## [PROBLEM REQUIREMENTS]
With the images removed, transcribe the listing that follows exactly.

## [DATA EXCERPT]
──────

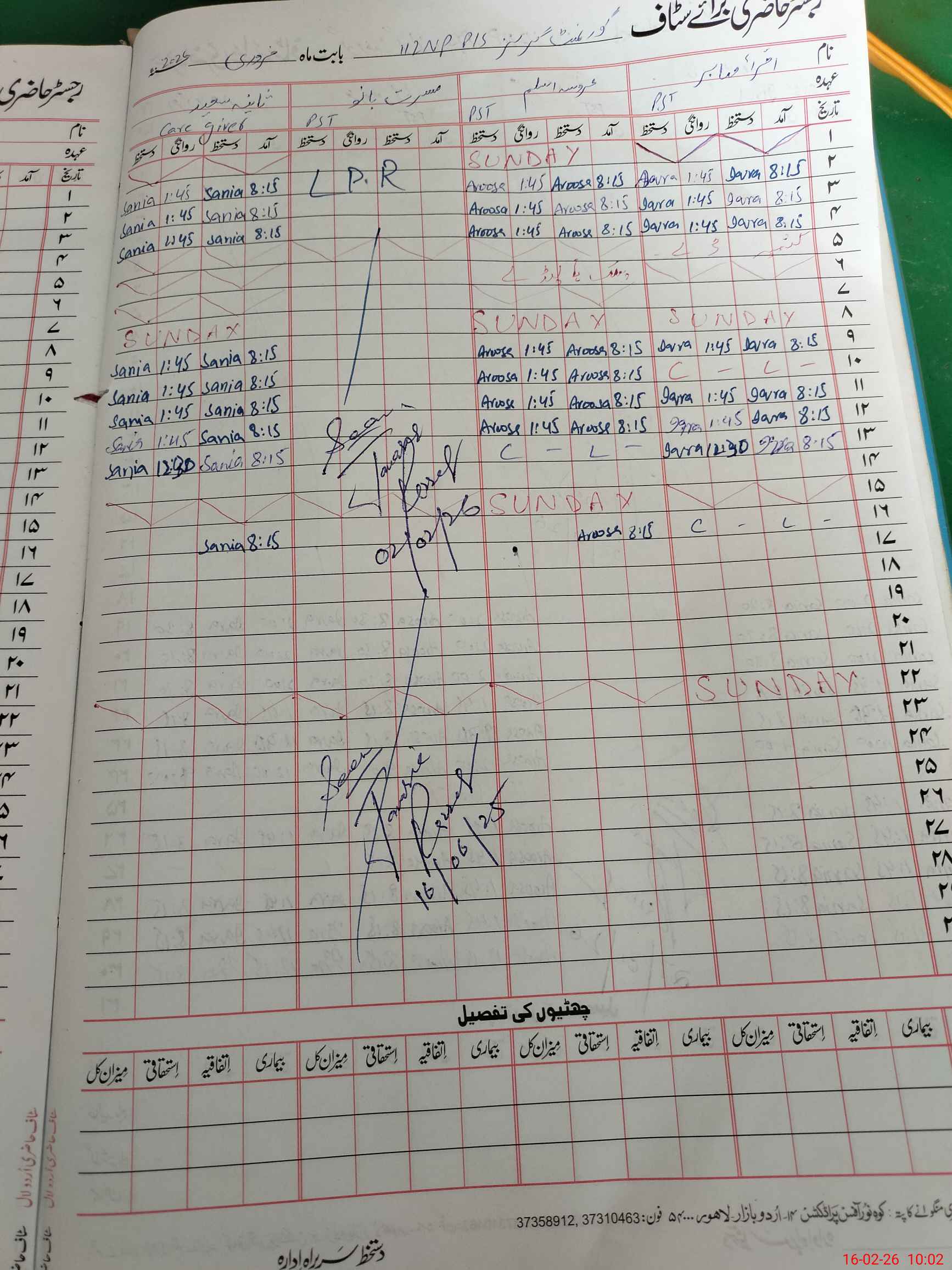 | CNIC | Full Name | Designation | R/C | Absence During Last Calender Month |
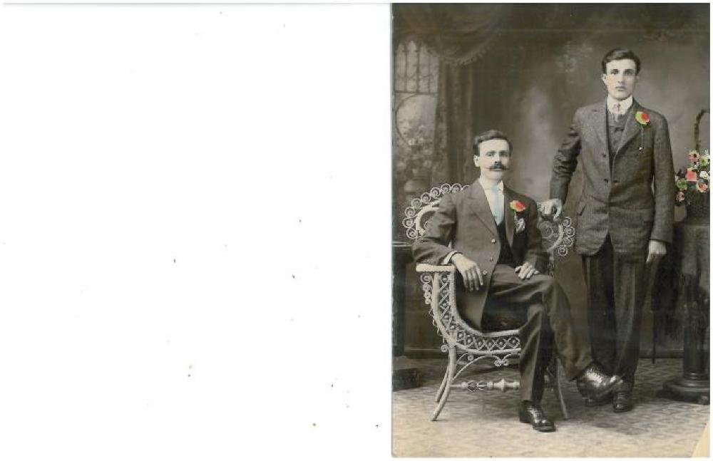 Black and white photograph of two men wearing suits, one sitting down with his legs crossed, and the other standing by his side, holding on to the chair. In the background is a very decorative household and it's living room. The photograph seems to have been tampered with and has bright color marks in various places.
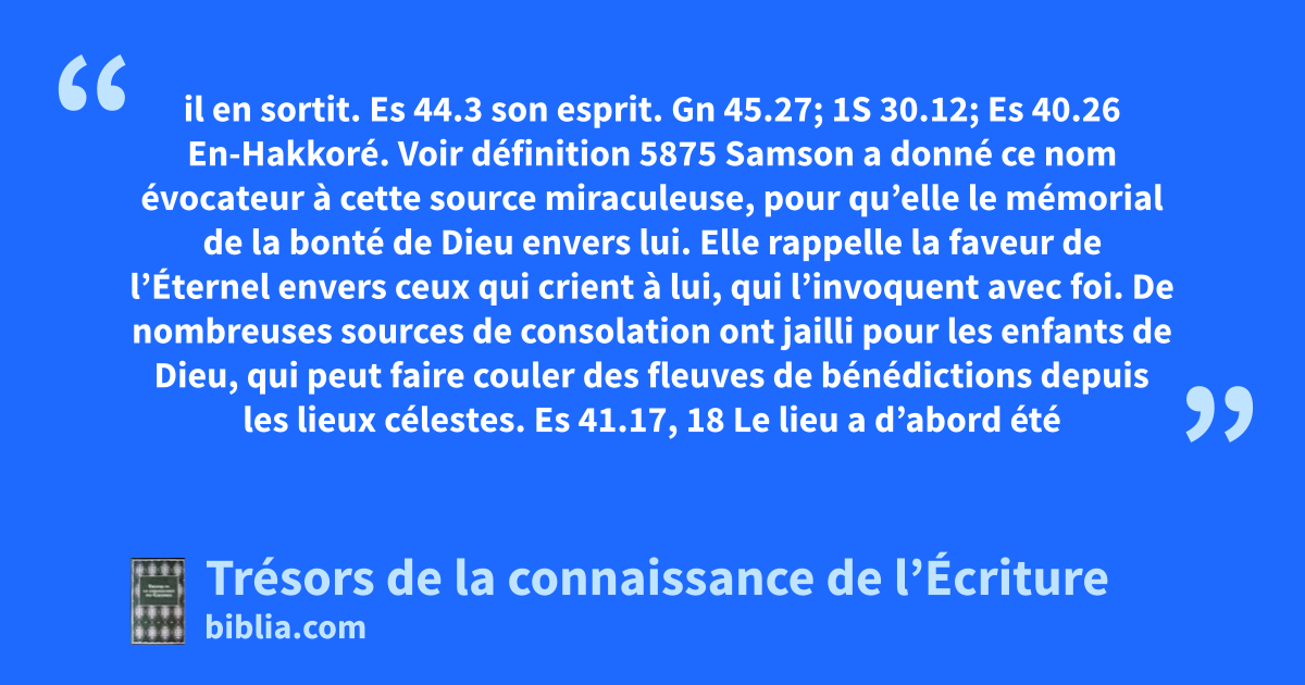 il en sortit. Es 44.3 son esprit. Gn 45.27; 1S 30.12; Es 40.26 En-Hakkoré. Voir définition 5875 Samson a donné ce nom évocateur à cette source miraculeuse, pour qu’elle le mémorial de la bonté de Dieu envers lui. Elle rappelle la faveur de l’Éternel envers ceux qui crient à lui, qui l’invoquent avec foi. De nombreuses sources de consolation ont jailli pour les enfants de Dieu, qui peut faire couler des fleuves de bénédictions depuis les lieux célestes. Es 41.17, 18 Le lieu a d’abord été nommé Ramath-Léchi (la hauteur de la mâchoire) qui montrait la grandeur et le triomphe, puis il est appelé En-Hakkoré, qui rappelle que Samson avait besoin de Dieu, qu’il en était dépendant. Gn 16.13, 22.14; 28.19; 30.30; Ex 17.15; Ps 34.7; 120.1
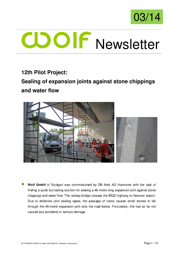 Wolf GmbH, of Stuttgart was commissioned by DB Netz AG Hannover with the task of finding a quick but lasting solution for sealing a 46-metre long expansion joint against stone chippings and water flow. The railway bridge crosses the B522 highway to Hanover airport. Due to defective joint sealing tapes, the passage of trains causes small stones to fall through the 46-metre expansion joint onto the road below. Fortunately, this has so far not caused any accidents or serious damage.

──────

## [TASK ANSWER]
 | CNIC | Full Name | Designation | R/C | Absence During Last Calender Month |
 Black and white photograph of two men wearing suits, one sitting down with his legs crossed, and the other standing by his side, holding on to the chair. In the background is a very decorative household and it's living room. The photograph seems to have been tampered with and has bright color marks in various places.
 il en sortit. Es 44.3 son esprit. Gn 45.27; 1S 30.12; Es 40.26 En-Hakkoré. Voir définition 5875 Samson a donné ce nom évocateur à cette source miraculeuse, pour qu’elle le mémorial de la bonté de Dieu envers lui. Elle rappelle la faveur de l’Éternel envers ceux qui crient à lui, qui l’invoquent avec foi. De nombreuses sources de consolation ont jailli pour les enfants de Dieu, qui peut faire couler des fleuves de bénédictions depuis les lieux célestes. Es 41.17, 18 Le lieu a d’abord été nommé Ramath-Léchi (la hauteur de la mâchoire) qui montrait la grandeur et le triomphe, puis il est appelé En-Hakkoré, qui rappelle que Samson avait besoin de Dieu, qu’il en était dépendant. Gn 16.13, 22.14; 28.19; 30.30; Ex 17.15; Ps 34.7; 120.1
 Wolf GmbH, of Stuttgart was commissioned by DB Netz AG Hannover with the task of finding a quick but lasting solution for sealing a 46-metre long expansion joint against stone chippings and water flow. The railway bridge crosses the B522 highway to Hanover airport. Due to defective joint sealing tapes, the passage of trains causes small stones to fall through the 46-metre expansion joint onto the road below. Fortunately, this has so far not caused any accidents or serious damage.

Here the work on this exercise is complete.